• [Required work] Set down the final stretch of the data, from the line that holds "Специальная зона свежести" through the last line, both included, with pictures left out.
━━━━━━━━━━━━━━━━━━━━
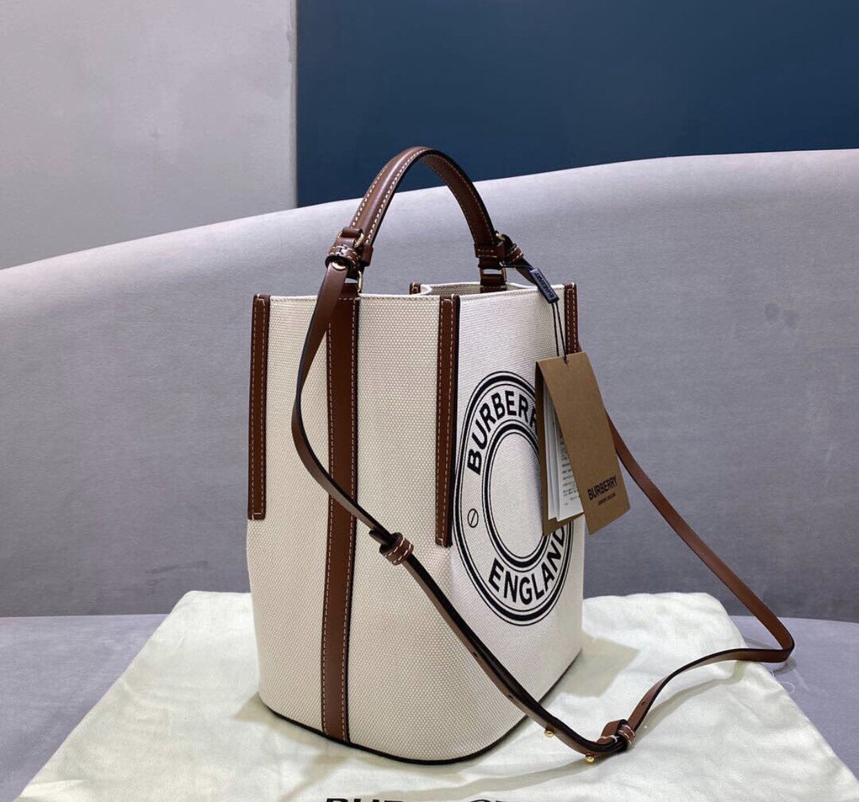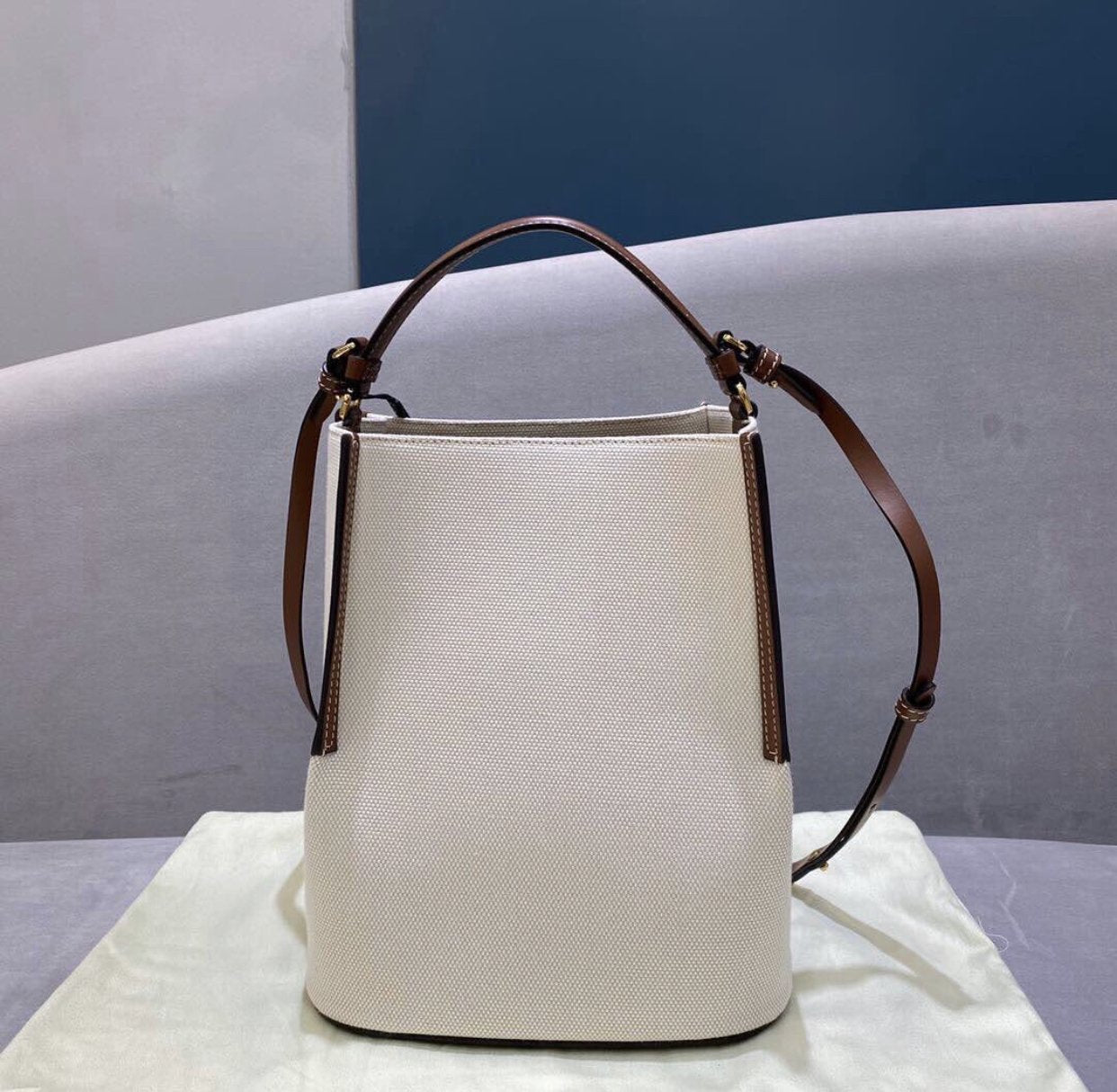 乗馬スタイルにインスパイアされたコットンキャンバスのバケットバッグ。コントラストカラーのレザートリムとロゴグラフィックをフィーチャーしました。エリザベス女王の幼少期の愛馬であるシェトランドポニーにちなんで名付けられたコンパクトなスタイル。トップハンドルで持っても、ストラップを調節してショルダーバッグとしてもご使用いただけます。
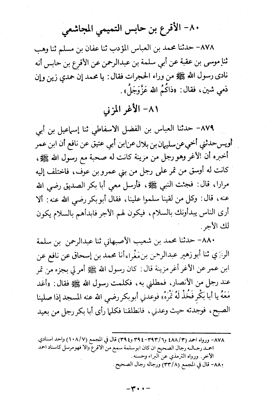 880 - حَدَّثَنَا مُحَمَّدُ بْنُ شُعَيْبٍ الْأَصْبَهَانِيُّ، ثنا عَبْدُ الرَّحْمَنِ بْنُ سَلَمَةَ الرَّازِيُّ، ثنا أَبُو زُهَيْرٍ عَبْدُ الرَّحْمَنِ بْنُ مَغْرَاءَ، أَنَا مُحَمَّدُ بْنُ إِسْحَاقَ، عَنْ نَافِعٍ، عَنِ ابْنِ عُمَرَ، عَنِ الْأَغَرِّ، أَغَرِّ مُزَيْنَةَ، قَالَ: كَانَ رَسُولُ اللهِ صَلَّى اللهُ عَلَيْهِ وَسَلَّمَ أَمَرَ لِي بِجُزْءٍ مِنْ تَمْرٍ عِنْدَ رَجُلٍ مِنَ الْأَنْصَارِ فَمَطَلَنِي بِهِ، فَكَلَّمْتُ رَسُولَ اللهِ صَلَّى اللهُ عَلَيْهِ وَسَلَّمَ، فَقَالَ: «§أغْدُ مَعَهُ يَا أَبَا بَكْرٍ فَخُذْ لَهُ تَمْرَهُ» فَوَعَدَنِي أَبُو بَكْرٍ رَضِيَ اللهُ عَنْهُ الْمَسْجِدَ إِذَا صَلَّيْنَا الصُّبْحَ، فَوَجَدْتُهُ حَيْثُ وَعَدَنِي، فَانْطَلَقْنَا، فَكُلَّمَا رَأَى أَبَا بَكْرٍ رَجُلٌ مِنْ بَعِيدٍ سَلَّمَ عَلَيْهِ، فَقَالَ أَبُو بَكْرٍ: أَمَا تَرَى مَا يُصِيبُ الْقَوْمُ عَلَيْكَ مِنَ الْفَضْلِ، لَا يَسْبِقْكَ إِلَى السَّلَامِ أَحَدٌ، فَكُنَّا إِذَا طَلَعَ الرَّجُلُ بَادَرْنَاهُ بِالسَّلَامِ قَبْلَ أَنْ يُسَلِّمَ عَلَيْنَا
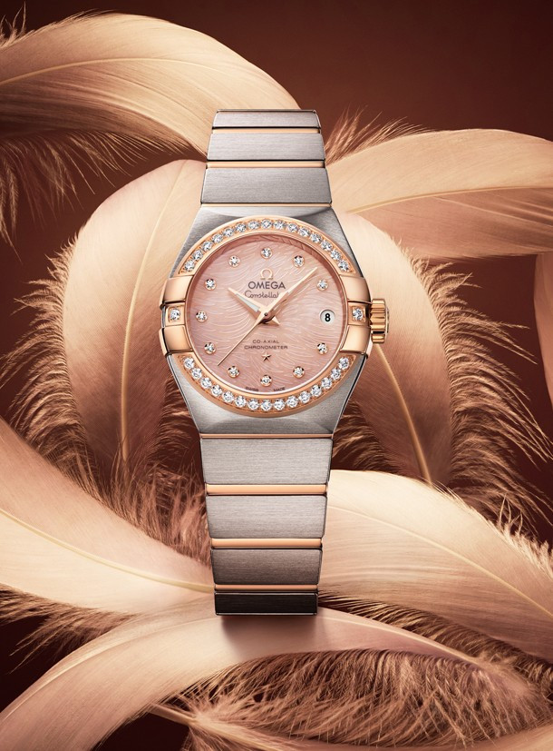 Часы Pluma Automatic Date 27 mm имеют розовый жемчужный гильошированный циферблат со стрелками из 18-каратного розового золота, покрытыми люминофором Super-LumiNova. Безель часов инкрустирован белыми бриллиантами. Сатинированный и полированный корпус диаметром 27 мм из нержавеющей стали и розового золота 18к дополняет браслет из нержавеющей стали и розового золота 18к. Апертура даты расположена на 3-х часах. 11 белых бриллиантов расположены на местах часовых меток. Внутри корпуса установлен автоматический механизм Omega 8520 с запасом хода 50 часов. Часы являются официальным хронометром COSC. Водонепроницаемость корпуса до 100 метров.
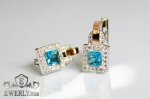 Женские серебряные серьги (серебро 925 пробы) с золотыми вставками 375 пробы и светло-голубыми фианитами.
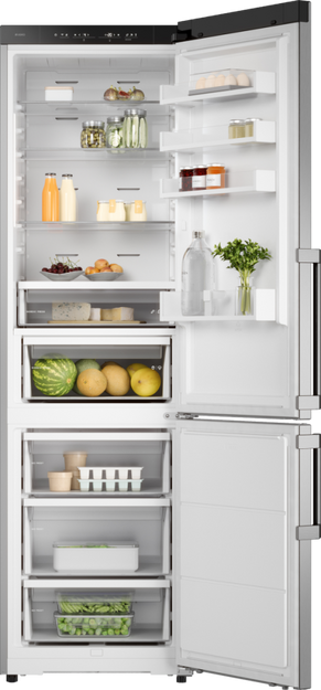 Специальная зона свежести предназначена для правильного и более длительного хранения овощей, фруктов, зелени. В ней поддерживается околонулевая температура, поэтому продукты не перемораживаются и не пересыхают. Система охлаждения этого холодильника — циркуляционная .
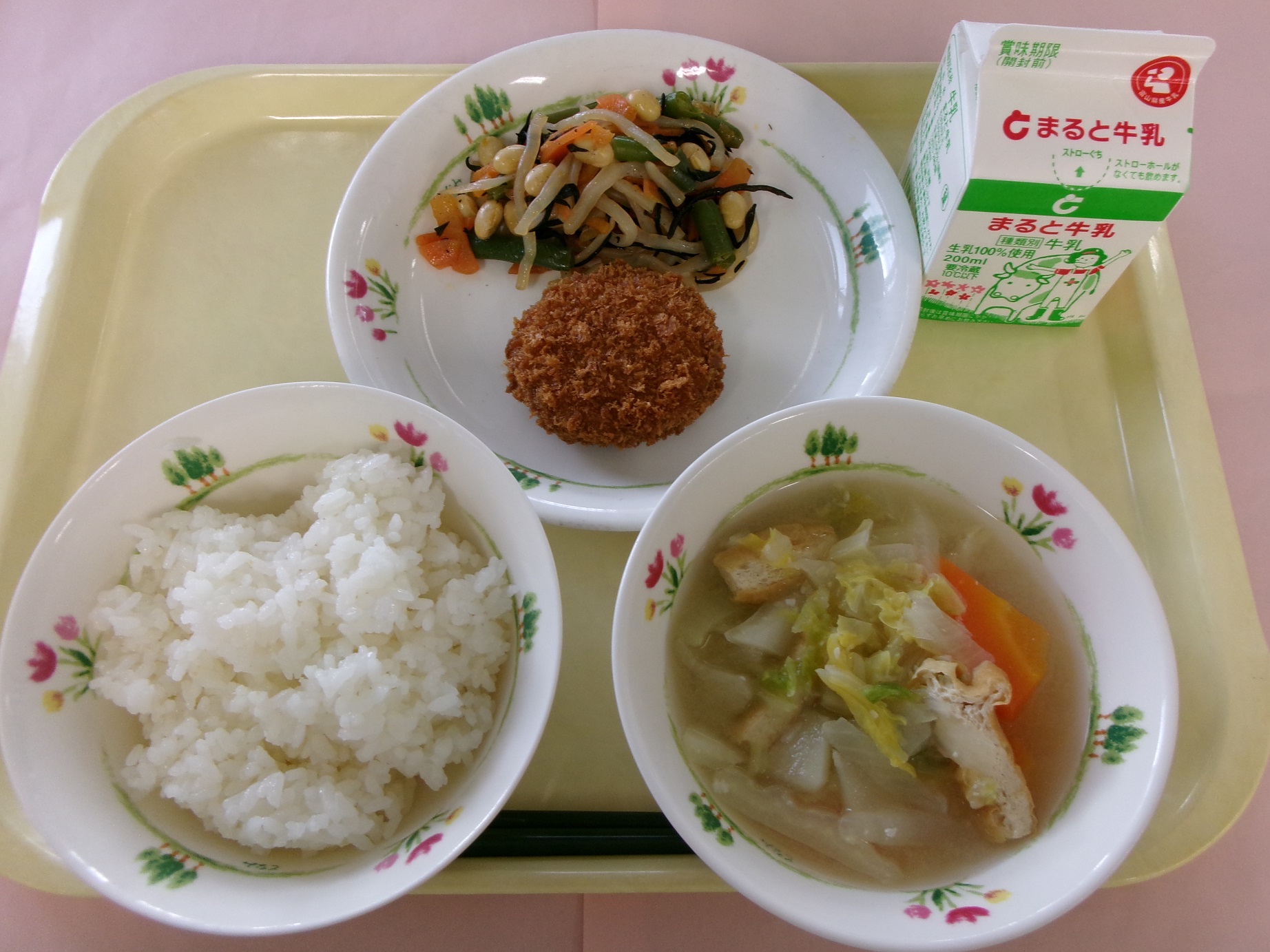 ごはん、牛乳、 メンチカツ、ひじきの炒め煮、白菜のみそ汁
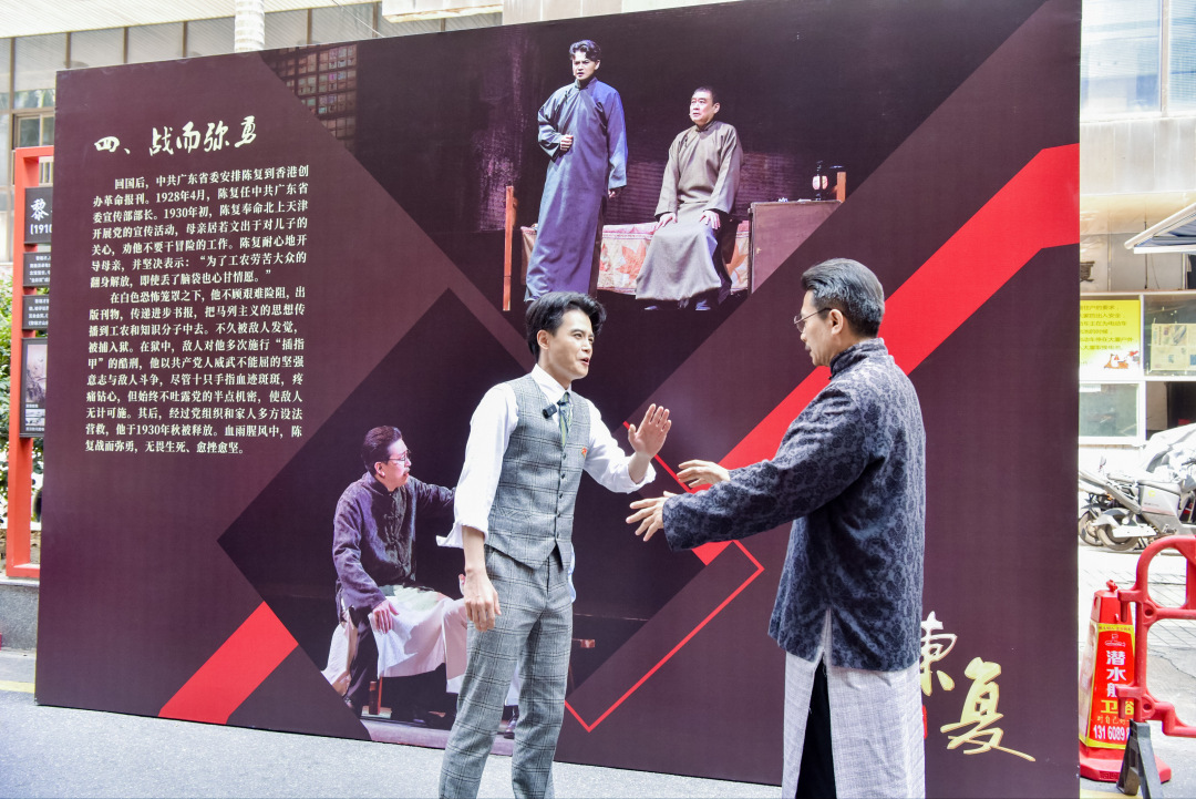 “同志,我们要实行革命运动,打倒一切军阀势力!”陈复烈士红色文化街区内,一名身穿黄包车工人衣服的青年一边散发传单,一边向周围人疾呼。原来,这是一场还原陈复烈士生前工作场景的沉浸式戏剧快闪。戏剧快闪还原了陈复烈士宣传革命思想的场景,演员与观众即兴互动。
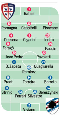 Corriere dello Sport: “Alle 18 Cagliari-Sampdoria. Le probabili formazioni”
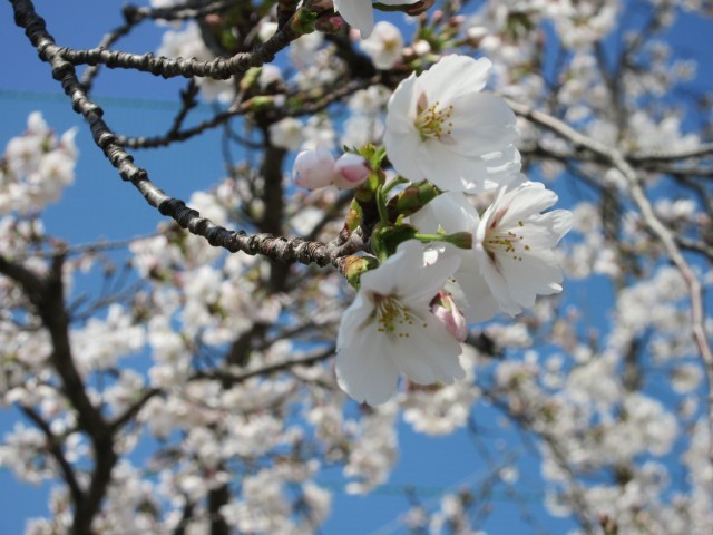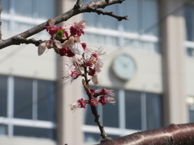 敷地内には、「桜の名所」が何か所かあります。始業式、入学式まで保つことができるかどうか。
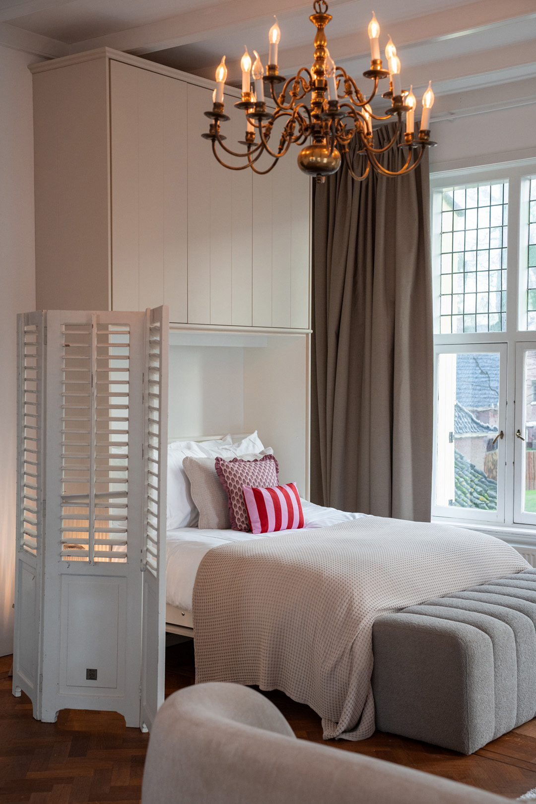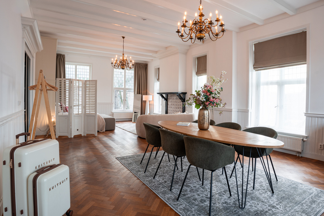 The Superior Suite is our authentic suite with a generous size of 60 square metres. The Council Chamber offers guests a combination of comfort and style. The suite is tastefully decorated in a classic style and features large windows overlooking Dorpsstraat and the historic village church. The private bathroom is a true oasis and includes a double shower, a luxurious bathtub, and is equipped with a toilet, hairdryer, and toiletries.
━━━━━━━━━━━━━━━━━━━━
• [The completed task]
 Специальная зона свежести предназначена для правильного и более длительного хранения овощей, фруктов, зелени. В ней поддерживается околонулевая температура, поэтому продукты не перемораживаются и не пересыхают. Система охлаждения этого холодильника — циркуляционная .
 ごはん、牛乳、 メンチカツ、ひじきの炒め煮、白菜のみそ汁
 “同志,我们要实行革命运动,打倒一切军阀势力!”陈复烈士红色文化街区内,一名身穿黄包车工人衣服的青年一边散发传单,一边向周围人疾呼。原来,这是一场还原陈复烈士生前工作场景的沉浸式戏剧快闪。戏剧快闪还原了陈复烈士宣传革命思想的场景,演员与观众即兴互动。
 Corriere dello Sport: “Alle 18 Cagliari-Sampdoria. Le probabili formazioni”
 敷地内には、「桜の名所」が何か所かあります。始業式、入学式まで保つことができるかどうか。
 The Superior Suite is our authentic suite with a generous size of 60 square metres. The Council Chamber offers guests a combination of comfort and style. The suite is tastefully decorated in a classic style and features large windows overlooking Dorpsstraat and the historic village church. The private bathroom is a true oasis and includes a double shower, a luxurious bathtub, and is equipped with a toilet, hairdryer, and toiletries.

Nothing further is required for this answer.